**** DATA SHOWN ****

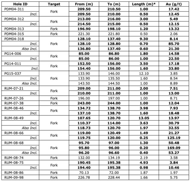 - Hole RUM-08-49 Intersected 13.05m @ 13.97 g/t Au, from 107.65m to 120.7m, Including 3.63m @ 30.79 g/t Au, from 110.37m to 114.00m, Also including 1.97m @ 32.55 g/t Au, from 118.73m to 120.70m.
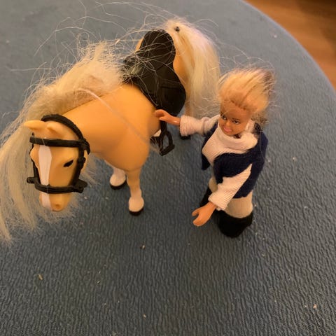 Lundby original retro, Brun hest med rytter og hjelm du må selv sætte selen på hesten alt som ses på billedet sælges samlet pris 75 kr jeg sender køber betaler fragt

****
**** DATA SHOWN ****

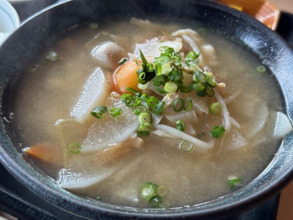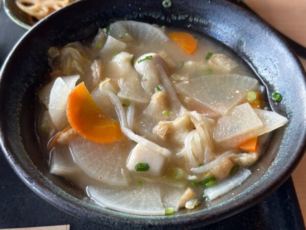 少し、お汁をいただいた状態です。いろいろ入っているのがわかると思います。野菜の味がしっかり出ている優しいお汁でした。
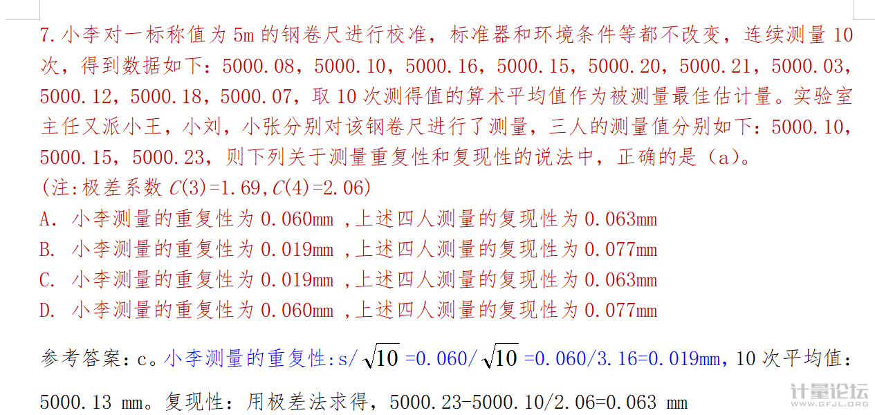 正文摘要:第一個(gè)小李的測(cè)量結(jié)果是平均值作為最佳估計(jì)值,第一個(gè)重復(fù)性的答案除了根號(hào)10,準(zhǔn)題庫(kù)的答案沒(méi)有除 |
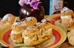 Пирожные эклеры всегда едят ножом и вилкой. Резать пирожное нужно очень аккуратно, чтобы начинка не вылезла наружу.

****

PROBLEM TO WORK ON =>
Word for word, repeat the lines above from the one with "少し、お汁をいただいた状態で" through the one with "Пирожные эклеры всегда", and nothing beyond them. Omit the pictures.

ANSWER SPACE =>
 少し、お汁をいただいた状態です。いろいろ入っているのがわかると思います。野菜の味がしっかり出ている優しいお汁でした。
 正文摘要:第一個(gè)小李的測(cè)量結(jié)果是平均值作為最佳估計(jì)值,第一個(gè)重復(fù)性的答案除了根號(hào)10,準(zhǔn)題庫(kù)的答案沒(méi)有除 |
 Пирожные эклеры всегда едят ножом и вилкой. Резать пирожное нужно очень аккуратно, чтобы начинка не вылезла наружу.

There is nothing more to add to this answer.